**YOUR TASK**
Reproduce the data exactly as given, except for any images.

──────── DATA ────────

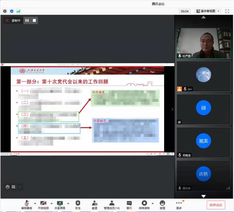 2021年1月12日中午,电影天堂 教工第二党支部与第四党支部联合举行支部活动,主题为“学习讨论学校第十一次党代会报告”。会议由黄庆桥老师主持,杜严勇老师作为学校的党代会代表,全程参与了学校的党代会,并在此次学习中详细介绍了党代会报告内容及学习体会。
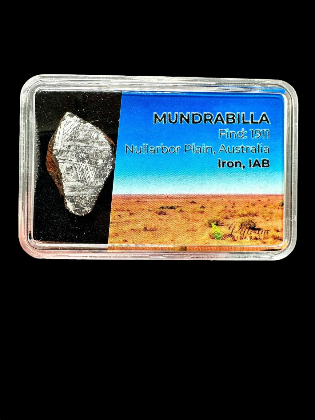 Der Mundrabilla-Meteorit enthält 65-75 % Eisen und Nickel sowie Einschlüsse von Graphit und Silikaten, hauptsächlich Olivin, Pyroxen und Plagioklas. Er ist als Oktaedrit der Klasse IAB eingestuft. Er zeichnet sich durch ausgeprägte Widmanstätten-Muster aus, die sich während der sehr langsamen Abkühlung des Eisen-Nickel-Metalls im Kern des Meteoriten gebildet haben. Diese Muster erscheinen, wenn die Oberfläche mit Säure geätzt und dann poliert wird, um eine Struktur aus Kamakit- und Taenit-Legierungen zu enthüllen.
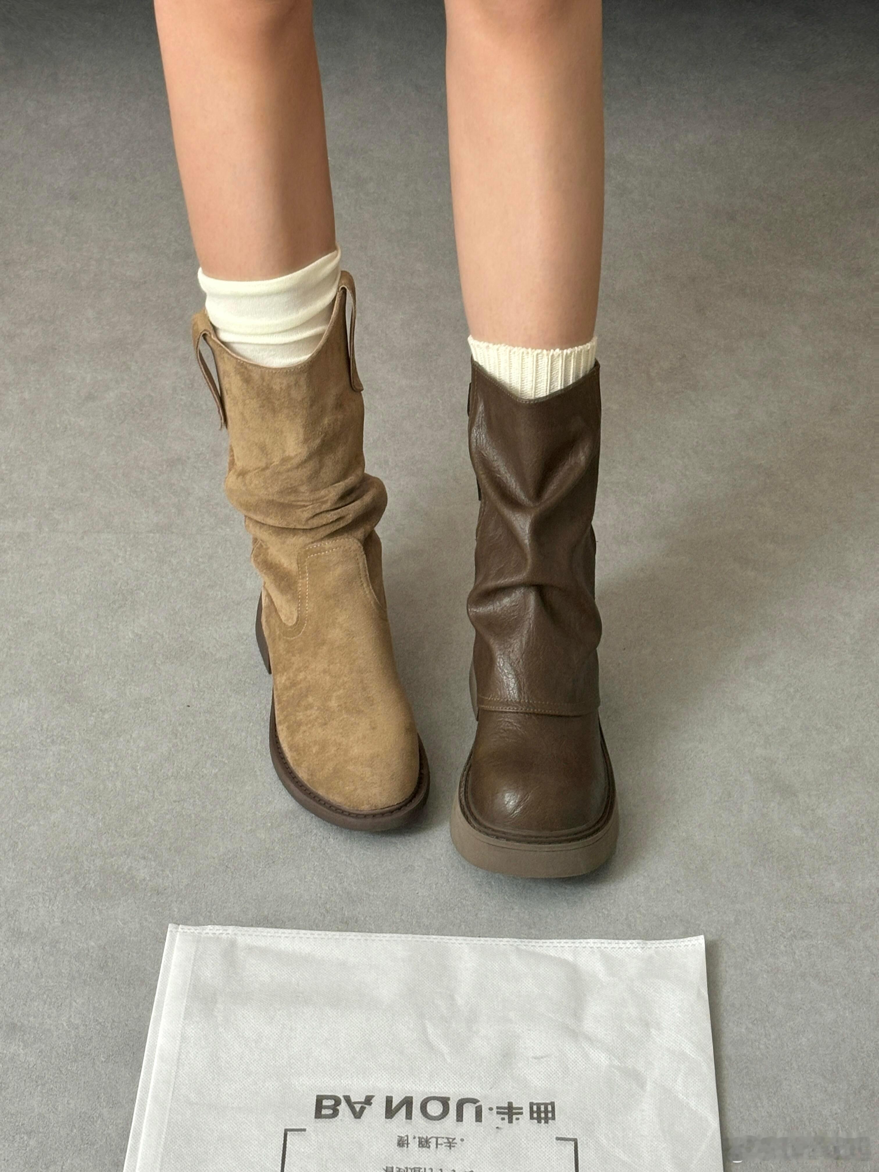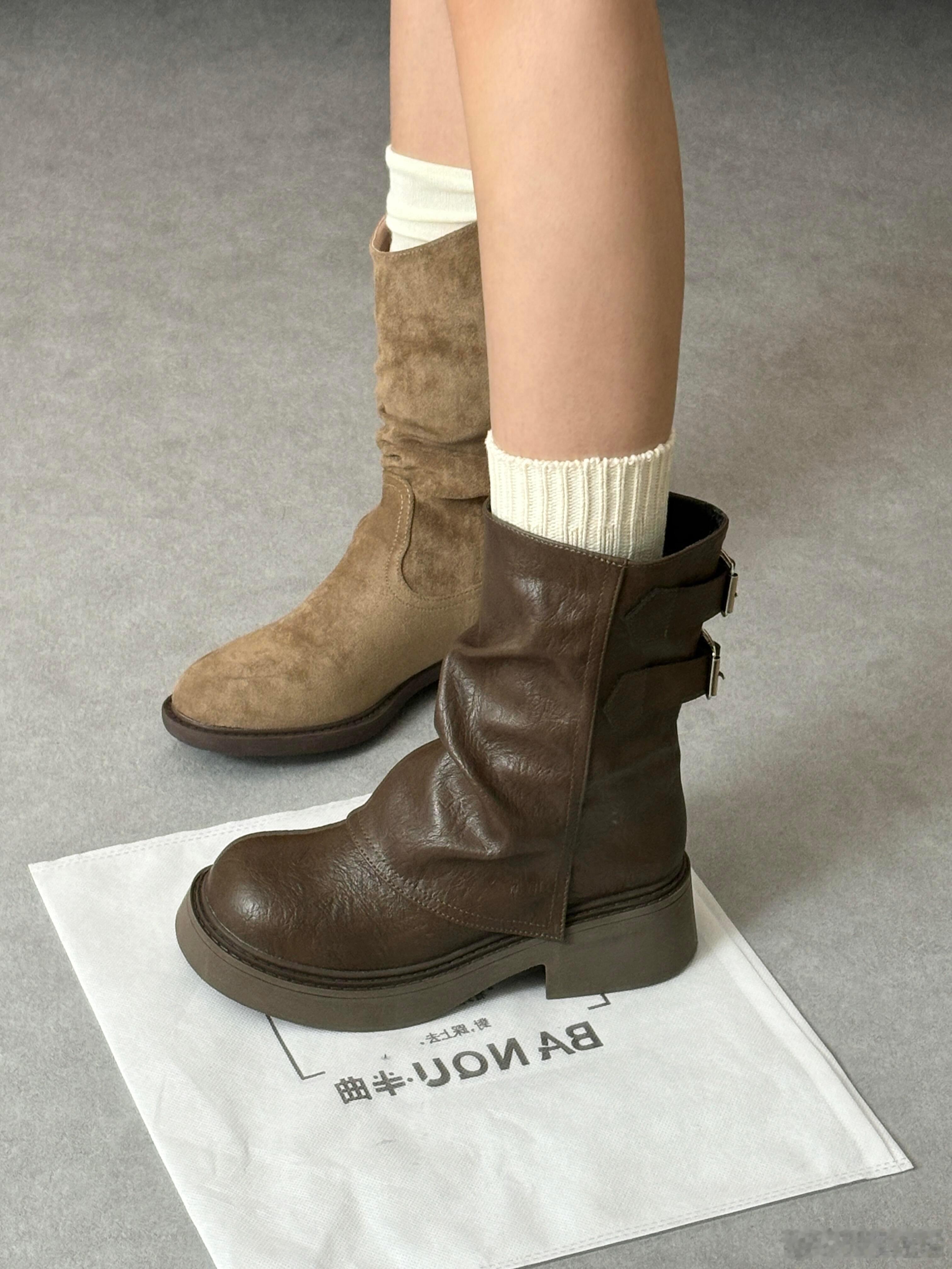 这款设计简约的卡其色中筒靴,采用富有质感的磨砂皮打造,自然的褶皱尽显随性休闲风格。其标志性设计在于脚踝处独特的翻盖与搭扣装饰,不仅增添了机能美感,也便于穿脱。鞋子搭配了白色的罗纹针织袜套,进一步强化了舒适与时尚相结合的调性。整体轮廓利落,中性百搭,无论是搭配牛仔裤还是休闲裤都能轻松驾驭,完美契合日常出行的都市格调,低调中透出不凡品味。时尚鞋履
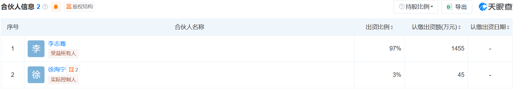 而上海秩汇明德企业管理中心(有限合伙)成立于2025年12月22日,注册资本1500万元,合伙人为李志骞与徐海宁,出资比例分别为97%和3%。

────────

**PROBLEM SOLUTION**
 2021年1月12日中午,电影天堂 教工第二党支部与第四党支部联合举行支部活动,主题为“学习讨论学校第十一次党代会报告”。会议由黄庆桥老师主持,杜严勇老师作为学校的党代会代表,全程参与了学校的党代会,并在此次学习中详细介绍了党代会报告内容及学习体会。
 Der Mundrabilla-Meteorit enthält 65-75 % Eisen und Nickel sowie Einschlüsse von Graphit und Silikaten, hauptsächlich Olivin, Pyroxen und Plagioklas. Er ist als Oktaedrit der Klasse IAB eingestuft. Er zeichnet sich durch ausgeprägte Widmanstätten-Muster aus, die sich während der sehr langsamen Abkühlung des Eisen-Nickel-Metalls im Kern des Meteoriten gebildet haben. Diese Muster erscheinen, wenn die Oberfläche mit Säure geätzt und dann poliert wird, um eine Struktur aus Kamakit- und Taenit-Legierungen zu enthüllen.
 这款设计简约的卡其色中筒靴,采用富有质感的磨砂皮打造,自然的褶皱尽显随性休闲风格。其标志性设计在于脚踝处独特的翻盖与搭扣装饰,不仅增添了机能美感,也便于穿脱。鞋子搭配了白色的罗纹针织袜套,进一步强化了舒适与时尚相结合的调性。整体轮廓利落,中性百搭,无论是搭配牛仔裤还是休闲裤都能轻松驾驭,完美契合日常出行的都市格调,低调中透出不凡品味。时尚鞋履
 而上海秩汇明德企业管理中心(有限合伙)成立于2025年12月22日,注册资本1500万元,合伙人为李志骞与徐海宁,出资比例分别为97%和3%。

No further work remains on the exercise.